Here’s a Twitter bot that just trolls brands all day

louis vuitton outlet 2012 | Flickr - Photo Sharing!

Never send a human to do an algorithm’s job.

Sure, we all have fun trolling brands online now and then—it’s how we voice our resentment of the economic realities that force social media networks to become advertising platforms. Deep down, though, nobody really wants to interact with these corporate entities, and the task of mocking them all is practically insurmountable. Unless you’re a bot, that is.

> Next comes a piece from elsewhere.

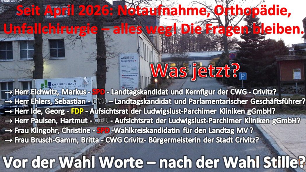 Und genau deshalb bleiben die entscheidenden Fragen offen: Wie sicher ist die Versorgung jetzt? Wie lange dauern Wege im Ernstfall? Wohin fährt der Rettungsdienst? Crivitz braucht Antworten. Nicht irgendwann. Sondern jetzt.

Enter @BrandLover7, an automated Twitter account that promises to get a few marketing teams (and maybe even some other bots) trapped in a meaningless echo chamber of consumer feedback. Utilizing a few stock phrases, it concocts believably nonsensical, hashtagged praise for the likes of Nike, Home Depot, Chrysler, and Forbes.

The use of emoji, as well as lame slang and wholly unrelated photos, is especially on point. What else would you expect from “a normal teen/future marketer who LOVES #brands” and lives to “shout out the coolest, most #innovative brands on Twitter and around the Web”? (You’ll have to hit the links to see the beautiful emoji in their original forms; the embed code knocks ’em into squares.)

The best part? That would be when a brand replies in earnest.

Oh, Samsung. You never were all that good at the Internetwere you.

Photo by foeoc kannilc/Flickr (CC BY 2.0)

This 17th-century guide to trolling is totally real
Robert Nobbes’s book The Compleat Troller was published in London in 1682.